One of the key needs for socio-economic development in the developing countries is energy. Energy is the backbone of the economy and lack of it can have devastating effects on the economic and social development of a country. In Kenya, the main source of electricity has heavily relied on methods of electricity production which are highly dependent on prevailing climatic conditions, the main source being hydropower. Over reliance on this power generation technique has led to serious nation-wide power blackouts in the years when the country has suffered drought.

Thanks to changing perceptions and improved awareness both in the public and private sectors, and coupled with technological advancements, renewable forms of energy have slowly but steadily been integrated into the country’s energy mix. This has had positive effects such as creating employment opportunities, reducing the country’s carbon footprint among other benefits.
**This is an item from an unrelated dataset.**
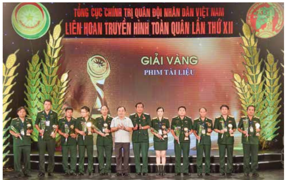
Trao giải vàng hạng mục Phim tài liệu

Phóng sự là thể loại chiếm số lượng lớn nhất tại Liên hoan và cho thấy bước tiến rõ nét về tay nghề, phản ánh một cách toàn diện các mặt hoạt động của công tác Quân sự - Quốc phòng, Đối ngoại Quốc phòng với những thành tích nổi bật của Quân đội trong 2 năm qua, kể từ Liên hoan Truyền

This paper takes an in-depth look into the renewable energy systems in the country, paying attention to the wind power systems and the solar or PV power systems. We take a look at how these two systems can be integrated to develop hybrid wind-solar power systems, a process we shall refer to as hybridization. Hybrid energy system is a good solution to providing power in rural areas where grid connection is not a viable option, or in instances where the grid is available but there is a need to supplement it. A hybrid power system is one that utilizes more than one source of power production. In this paper, I discuss the selection of site for a hybrid power plant, the layout of the plant, sizing of the components, economic viability and installation of the plant with connection to the grid.